Geradeaus oder geradeheraus? Vielleicht auch jetzt gerade oder gerade eben erst?
Schauen wir uns die Adjektive an: Gerade ist, als Adjektiv oder gelegentlich auch als Adverb gebraucht, in der Regel eine Abkürzung. Gemeint ist bei diesem Ausdruck geradewegs oder geradeaus, geradeso, geradezu, geradeheraus oder ähnliches. Gerade bringt die Geradlinigkeit zum Ausdruck. Jetzt ist niemals so stark im gegenwärtigen Augenblick verankert wie gerade jetzt, und wenn man etwas so in etwa schafft, ist das weniger knapp, als wenn man es geradeso schafft. Das Adjektiv mag also auch als Verstärkung gebraucht werden.

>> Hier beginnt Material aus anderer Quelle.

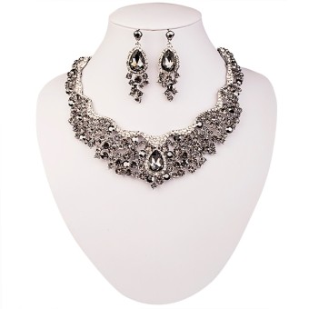 Un SET special de accesorii dedicate evenimentelor unice, bijuterii unicat pentru mireasa cu un design exceptional alcatuite din colier si cercei, placate cu Aur alb de 10k si cristale stralucitoare.
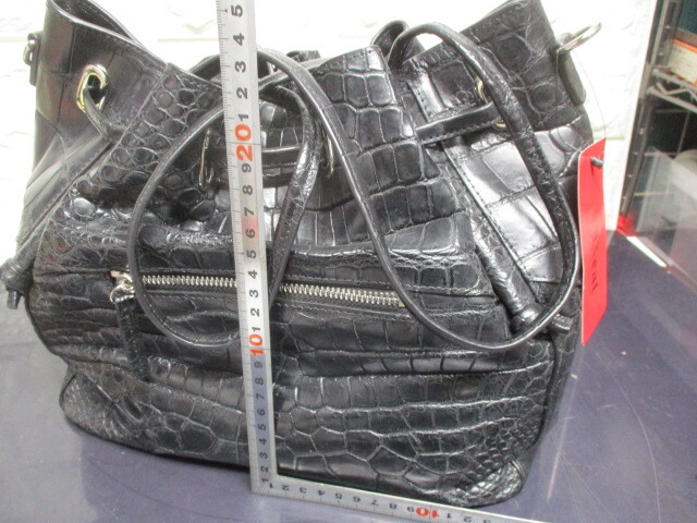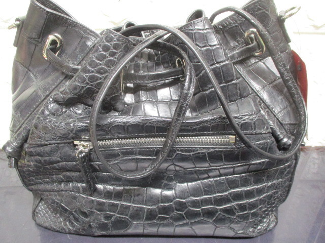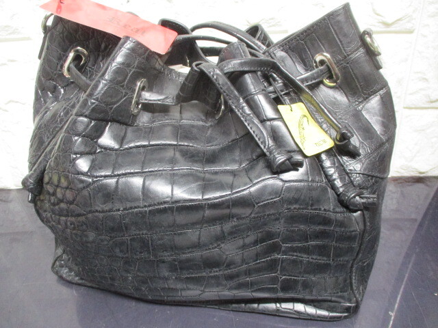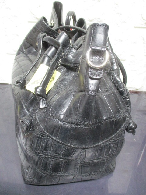 マ6/新品未使用 88%引き!クロコダイル クロコ 革皮 巾着 ショルダー バッグ ブラック 黒 定価429000円
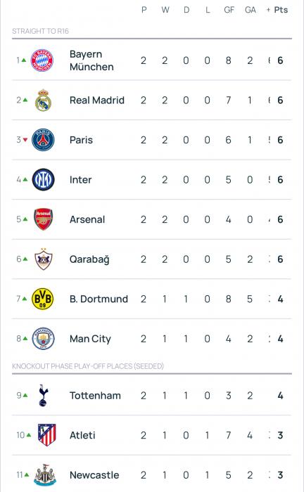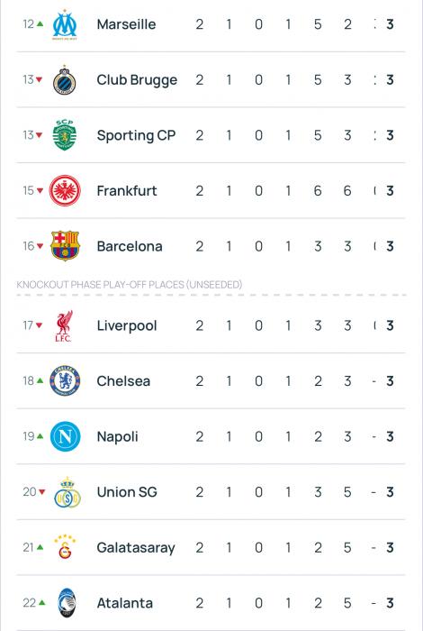 Xatırladaq ki, ÇL-in Liqa mərhələsində ilk 8 yeri tutan komanda birbaşa 1/8 finala, 9-24-cü yeri tutanlar isə pley-off mərhələsinə vəsiqə qazanır. 25-36-cı yeri tutanlar avrokuboklarda çıxışlarını başa vururlar.

Die Sache mit der Umgangssprache
Eigentlich sollte jetzt geradezu sonnenklar sein, wann wir von "gerade", wann von "Grad" und wann von "grade" sprechen. Eigentlich könnte die deutsche Sprache ganz einfach sein. Ist sie aber nicht, denn wir sind sprechfaul. Deshalb sparen wir uns bei Adjektiv und Adverb "gerade" gerne ein "e" oder zwei und machen galant "grad" oder "grade" daraus. Sogar aus der Geraden wird im Mathematikunterricht meist eine "Grade", die mit dem akademischen Grad des Unterrichtenden nichts zu tun hat. Groß- und Kleinschreibung helfen beim Verstehen nur bedingt weiter, denn in der gesprochenen Sprache spielt die Orthographie keine Rolle. Wie also behelfen wir uns?

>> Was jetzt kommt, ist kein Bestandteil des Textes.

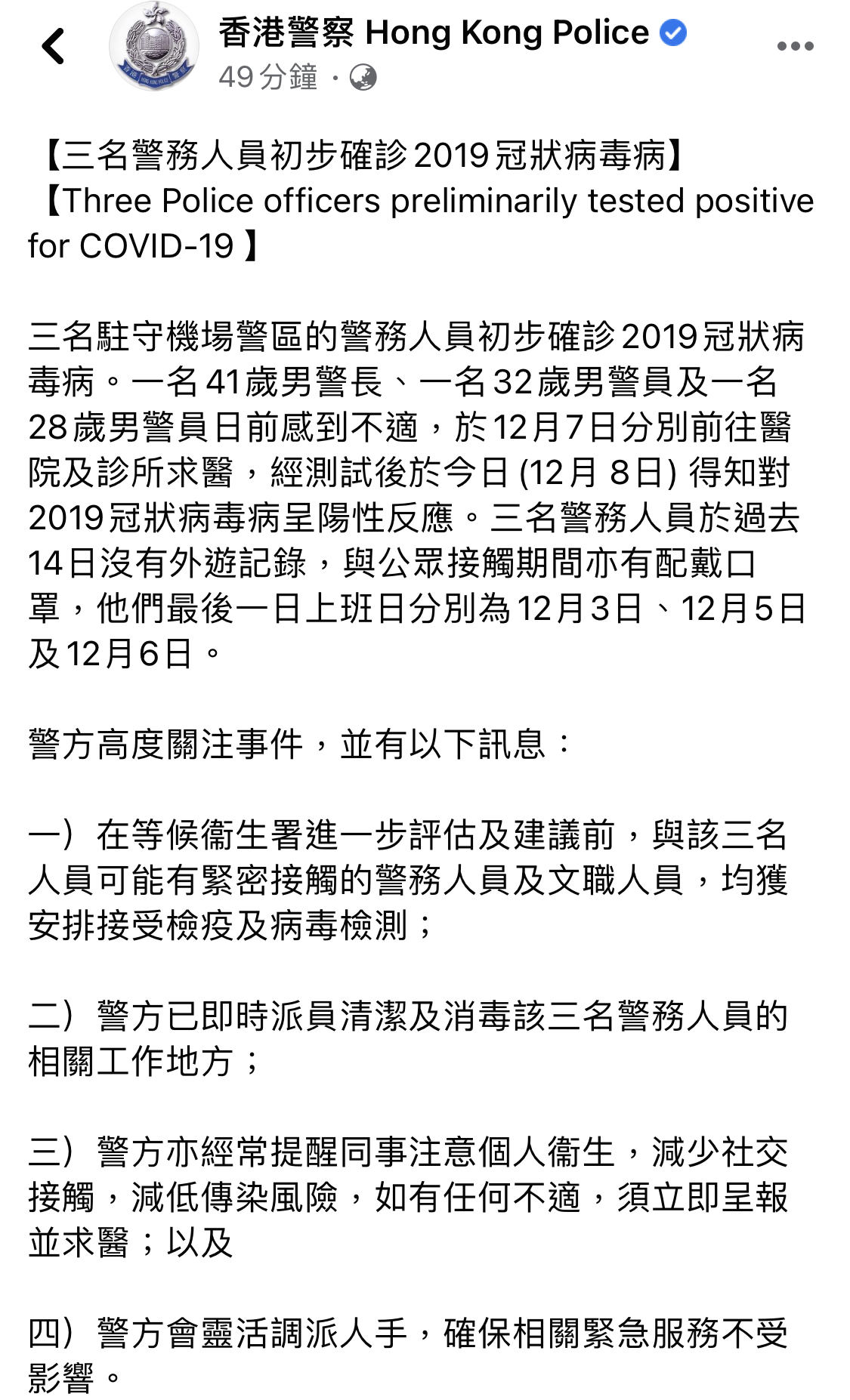警方稱,三人於日前感到不適,分別於十二月七日前往醫院及診所求醫,經測試後於八日得知對2019冠狀病毒病呈陽性反應。三名警務人員於過去十四日沒有外遊紀錄,與公眾接觸期間亦有配戴口罩。

In der Regel wird aus dem Kontext heraus klar, ob die Rede von akademischen Graden, der Maßeinheit, einem Rangabzeichen oder einem Adjektiv ist. Wie heißt es nun richtig? Sprechen wir vom Adjektiv, ist "gerade" immer richtig. Umgangssprachlich darf es auch einmal ein "grade" oder "grad" werden. Im Schulaufsatz hat das aber genauso wenig verloren wie in der Amtsantrittsrede eines Bundespräsidenten oder in der Tageszeitung. Geht es um die genannte gerade Linie in der Mathematik, ist das korrekt immer eine "Gerade", die ihre beiden "e" wirklich liebt und nicht darauf verzichten will. Nur bei Maßabstufungen und Graduierungen (auch Graduierungen akademischer, militärischer oder sonstiger Art) darf das "e" wegfallen, denn hier hat es wirklich nichts verloren.